Yesterday, Mark Hulbert posted an article on Marketwatch about how the rate of the rise in the current rally has been far faster than the average for bull markets over the last 100 years. He concludes that this is a hallmark of bear market rallies and compares the current rally to the first major rally in 1929, which he says only lasted a few months rallying 48%. (48% is nothing to sneeze at.)
I agree that the rate of the rise in the current rally has been extreme. I compared the gain in the QQQQ over rolling two week periods (on a day by day basis) and calculated that the gain to date since the March 9 low is 3.5 standard deviations above the mean for such periods over the last 10 years. In fact, the gain has exceeded the average rolling annual gain on a day by day basis for the last 10 years.
This is both an indication of the initial thrust of the rally and a warning that a reversion to the mean is probable. It is extremely rare that such a pullback does not occur, but once or twice in a decade it doesn't, and for that reason I will look to go long a half position in the UWM on a breakout above Monday's high. Nevertheless, the probability of a sharp reaction of 1 to 3 days is increasing and would be an opportunity to jump on board the trend.

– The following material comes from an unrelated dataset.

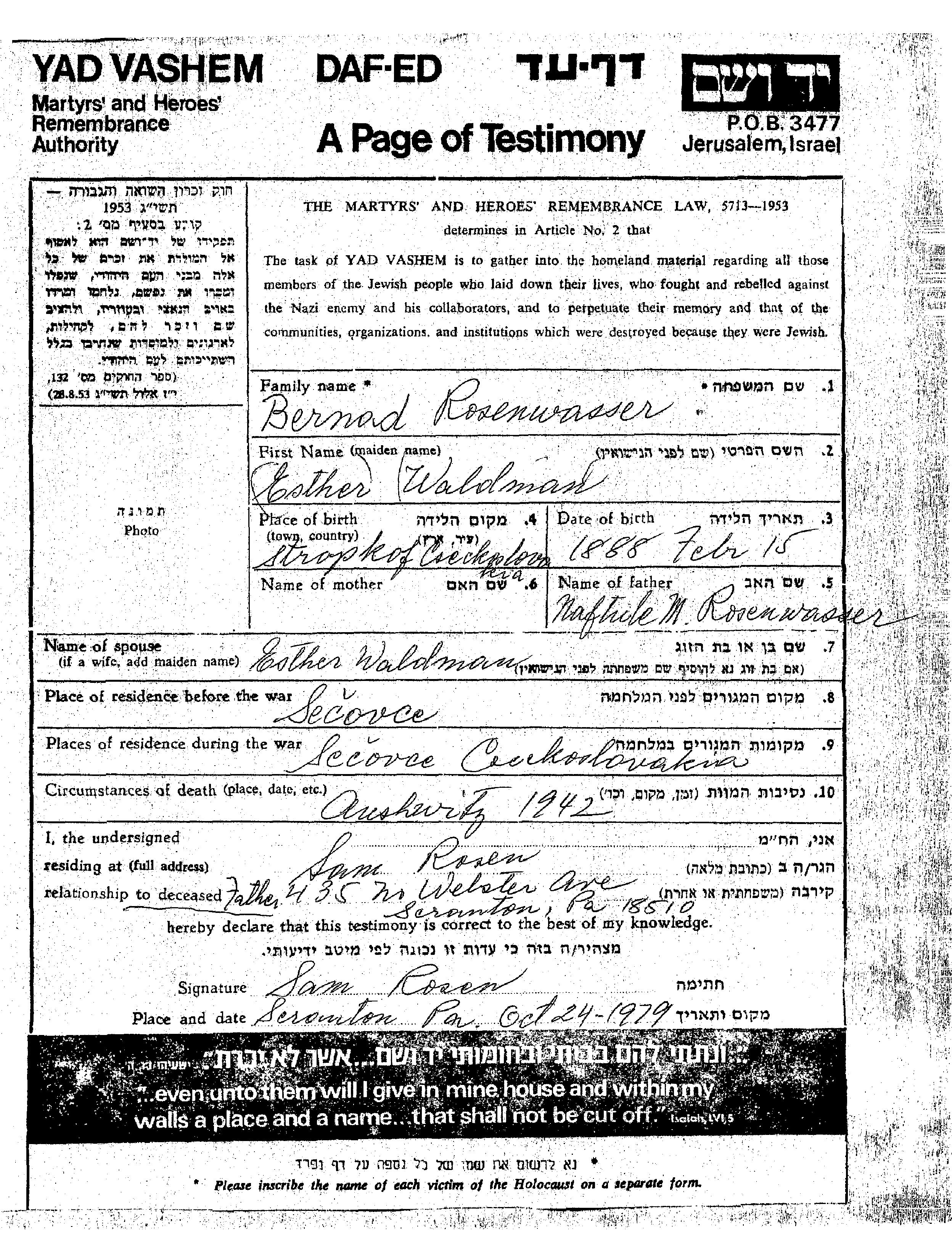 Бернад Розенвассер, место рождения: Стропкофф, Чехословакия. Отец: Нафтула М. Женат / замужем. Место жительства до войны: Сечовце, Чехословакия. Место во время войны: Сечовце, Чехословакия.

With regard to candlesticks, I cannot offer much advice. Most studies that I have seen do not suggest much of an edge. I have found that understanding how to read fractal pivots as described by Bill Williams to be much more rewarding. The IWM has formed such a pivot above the 50dema as of today leading to my decision go long on a breakout. A note of caution on CME: it is approaching upper channel resistance and 200dema resistance, although 3 month highs are a positive. Best of luck.